= Matthias Hollenback =

American soldier
Matthias Hollenback (15 February 1752, Virginia – 18 February 1829) was an American Revolutionary War soldier, judge, and merchant in early Elmira, New York.

==Early years==
Matthias Hollenback was born in Virginia on 15 February, 1752. Attracted by stories of the Wyoming Valley, like many other young men of his time, he decided to make it his home. As early as 1771, when Hollenback was 18, he was one of the inhabitants of the stockade at the point where Mill Creek unites with the Susquehanna River. Huts were erected around the inside against the upright timbers. One was possessed by Capt. Zebulon Butler; next in the row was the store, containing the belongings of Hollenback. A boarding hut, having two rooms, was the third in order, kept by Dr. Sprague; Nathan Denison, a young bachelor from Stonington, had the next hut.

==Career==
On the enlistment of two independent companies being directed at Westmoreland, Congress appointed Hollenback as an ensign. When danger to Wyoming Valley became imminent, and Congress ignored pressing calls for protection, throwing up his commission, he returned to Wyoming to meet danger. The skill acquired by 18 months' service in camp, was imparted to the militia, and his undaunted and elastic spirit infused into all around him. When the invasion came by John Butler at the Battle of Wyoming, Hollenback was among the foremost who sprang to their arms, and prepared to meet the foe. This army was composed chiefly of aged, or very young men, hastily called together. Nearly all who were able to bear arms assembled; and Hollenback took his station in the midst of them. With hopeless odds facing them, Hollenback was among those who escaped to the river, swam to Monocacy Island, and then to the eastern shore. Foreseeing the necessity of instant aid from abroad, mounting his horse, he rode all night, gave information to Capt. Simon Spalding's company. Hollenback was actively engaged in collecting the remains of the slain, and giving them the most burial circumstances at that time permitted.

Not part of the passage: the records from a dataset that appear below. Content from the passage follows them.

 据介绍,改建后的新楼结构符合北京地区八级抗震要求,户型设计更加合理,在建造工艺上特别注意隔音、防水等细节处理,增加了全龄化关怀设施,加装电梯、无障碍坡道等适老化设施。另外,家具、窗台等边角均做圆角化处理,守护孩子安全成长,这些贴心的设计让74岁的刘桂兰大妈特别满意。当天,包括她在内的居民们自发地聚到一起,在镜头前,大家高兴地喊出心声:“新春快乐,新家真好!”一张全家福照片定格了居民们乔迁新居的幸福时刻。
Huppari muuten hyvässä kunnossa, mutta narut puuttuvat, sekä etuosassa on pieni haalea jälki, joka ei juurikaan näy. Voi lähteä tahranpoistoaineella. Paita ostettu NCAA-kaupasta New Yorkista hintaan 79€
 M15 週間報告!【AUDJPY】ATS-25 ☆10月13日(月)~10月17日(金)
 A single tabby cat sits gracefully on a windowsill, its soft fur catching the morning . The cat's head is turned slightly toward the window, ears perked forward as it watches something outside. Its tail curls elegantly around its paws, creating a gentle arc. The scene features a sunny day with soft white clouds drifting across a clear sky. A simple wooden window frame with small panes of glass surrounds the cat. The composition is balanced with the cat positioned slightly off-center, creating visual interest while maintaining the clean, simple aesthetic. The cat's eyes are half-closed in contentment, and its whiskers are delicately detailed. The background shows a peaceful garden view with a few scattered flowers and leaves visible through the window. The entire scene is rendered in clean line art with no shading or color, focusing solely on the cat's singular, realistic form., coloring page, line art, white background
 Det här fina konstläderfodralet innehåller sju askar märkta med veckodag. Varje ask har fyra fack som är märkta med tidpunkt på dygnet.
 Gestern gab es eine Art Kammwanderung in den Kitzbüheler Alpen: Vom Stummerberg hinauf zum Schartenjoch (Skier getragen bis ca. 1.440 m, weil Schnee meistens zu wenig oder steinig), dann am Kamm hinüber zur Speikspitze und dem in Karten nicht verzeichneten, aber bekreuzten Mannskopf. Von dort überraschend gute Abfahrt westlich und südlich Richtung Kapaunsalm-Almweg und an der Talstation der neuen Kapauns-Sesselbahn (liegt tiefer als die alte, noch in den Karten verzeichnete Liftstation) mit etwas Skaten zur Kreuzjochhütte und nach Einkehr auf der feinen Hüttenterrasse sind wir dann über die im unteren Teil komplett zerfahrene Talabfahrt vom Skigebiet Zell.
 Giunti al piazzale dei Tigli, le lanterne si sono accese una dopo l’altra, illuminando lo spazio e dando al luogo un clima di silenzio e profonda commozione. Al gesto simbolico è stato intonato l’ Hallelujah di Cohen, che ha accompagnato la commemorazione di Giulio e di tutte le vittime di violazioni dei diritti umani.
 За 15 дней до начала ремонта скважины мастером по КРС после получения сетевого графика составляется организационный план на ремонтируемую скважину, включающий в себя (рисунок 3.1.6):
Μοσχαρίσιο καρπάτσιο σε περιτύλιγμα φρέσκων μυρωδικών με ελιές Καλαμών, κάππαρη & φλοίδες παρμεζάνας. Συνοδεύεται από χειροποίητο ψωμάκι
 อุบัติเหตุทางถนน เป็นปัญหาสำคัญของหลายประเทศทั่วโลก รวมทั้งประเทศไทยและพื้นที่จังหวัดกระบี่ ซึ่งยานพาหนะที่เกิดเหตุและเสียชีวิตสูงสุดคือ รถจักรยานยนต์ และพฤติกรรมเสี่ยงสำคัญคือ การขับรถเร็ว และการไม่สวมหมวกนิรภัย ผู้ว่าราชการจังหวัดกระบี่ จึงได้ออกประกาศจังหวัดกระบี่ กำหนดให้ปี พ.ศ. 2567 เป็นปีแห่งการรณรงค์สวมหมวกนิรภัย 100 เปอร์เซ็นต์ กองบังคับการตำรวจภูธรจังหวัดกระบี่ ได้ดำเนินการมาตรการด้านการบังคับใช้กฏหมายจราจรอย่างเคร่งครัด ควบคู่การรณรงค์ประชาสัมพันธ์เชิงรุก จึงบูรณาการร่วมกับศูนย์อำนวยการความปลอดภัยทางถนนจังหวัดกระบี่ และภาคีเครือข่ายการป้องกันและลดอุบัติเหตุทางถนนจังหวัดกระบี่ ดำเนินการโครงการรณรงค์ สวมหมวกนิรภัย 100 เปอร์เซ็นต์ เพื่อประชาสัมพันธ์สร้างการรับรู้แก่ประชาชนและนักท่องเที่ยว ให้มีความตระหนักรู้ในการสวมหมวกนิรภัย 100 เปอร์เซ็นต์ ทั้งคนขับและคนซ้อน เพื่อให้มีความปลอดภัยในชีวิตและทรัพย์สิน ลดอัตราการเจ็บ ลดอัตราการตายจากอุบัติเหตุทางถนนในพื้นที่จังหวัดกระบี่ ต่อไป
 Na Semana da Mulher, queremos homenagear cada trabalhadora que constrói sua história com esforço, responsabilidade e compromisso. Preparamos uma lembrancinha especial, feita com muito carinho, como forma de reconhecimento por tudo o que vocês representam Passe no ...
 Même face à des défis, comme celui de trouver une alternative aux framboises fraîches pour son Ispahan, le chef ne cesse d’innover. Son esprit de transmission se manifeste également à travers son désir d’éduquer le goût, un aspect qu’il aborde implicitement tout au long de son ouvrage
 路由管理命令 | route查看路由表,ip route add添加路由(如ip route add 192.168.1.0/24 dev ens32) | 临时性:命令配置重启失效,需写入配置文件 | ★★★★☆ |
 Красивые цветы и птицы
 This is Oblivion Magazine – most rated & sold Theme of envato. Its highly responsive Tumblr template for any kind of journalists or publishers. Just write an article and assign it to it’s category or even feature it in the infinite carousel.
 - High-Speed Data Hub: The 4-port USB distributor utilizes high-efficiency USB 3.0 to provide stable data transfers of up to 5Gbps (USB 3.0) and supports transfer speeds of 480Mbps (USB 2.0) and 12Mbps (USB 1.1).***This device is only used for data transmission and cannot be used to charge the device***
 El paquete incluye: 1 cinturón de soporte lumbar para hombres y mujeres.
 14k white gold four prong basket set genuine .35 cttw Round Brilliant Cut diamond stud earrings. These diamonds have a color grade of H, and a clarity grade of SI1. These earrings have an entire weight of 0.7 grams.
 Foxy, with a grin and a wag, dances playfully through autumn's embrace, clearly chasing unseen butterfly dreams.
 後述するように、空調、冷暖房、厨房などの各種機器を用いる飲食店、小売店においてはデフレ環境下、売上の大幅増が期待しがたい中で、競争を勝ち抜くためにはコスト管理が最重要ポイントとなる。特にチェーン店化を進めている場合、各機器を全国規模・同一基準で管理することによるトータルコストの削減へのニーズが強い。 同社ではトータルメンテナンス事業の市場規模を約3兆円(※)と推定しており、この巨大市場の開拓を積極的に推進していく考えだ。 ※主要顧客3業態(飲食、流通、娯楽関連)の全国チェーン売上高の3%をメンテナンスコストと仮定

On the passage by the Connecticut Assembly of a resolve, allowing Wyoming to make their own powder, Hollenback was looked to, to provide the requisite machinery. His arrival with the "Pounders" was spoken of by Mrs. Jenkins, with exultation, as an important event; for previously powder for the settlement was chiefly brought from Connecticut on horseback.

After the enemy retired, Hollenback was among the first to return and resume his business, becoming wealthy and independent. He established stores at various points between Wilkes-Barre and Genesee County, along the Susquehanna. In almost every instance where a store was erected, a farm was bought, and the cultivation of the soil went hand in hand with the disposal of merchandise.

After the jurisdiction of Connecticut ceased, and the laws of Pennsylvania were introduced, Hollenback received repeated public praise. He was chosen to command a regiment of militia, at an early day. Hollenback was appointed, on the organization of Luzerne County, to the position of associate judge, along with Col. Denison. He performed the duties of his judicial office to general satisfaction, for nearly 40 years, retaining the commission to the time of his death. Hollenback died on 18 February, 1829, age 77, leaving to his children and grandchildren a large property, variously estimated at from US$300,000–$400,000.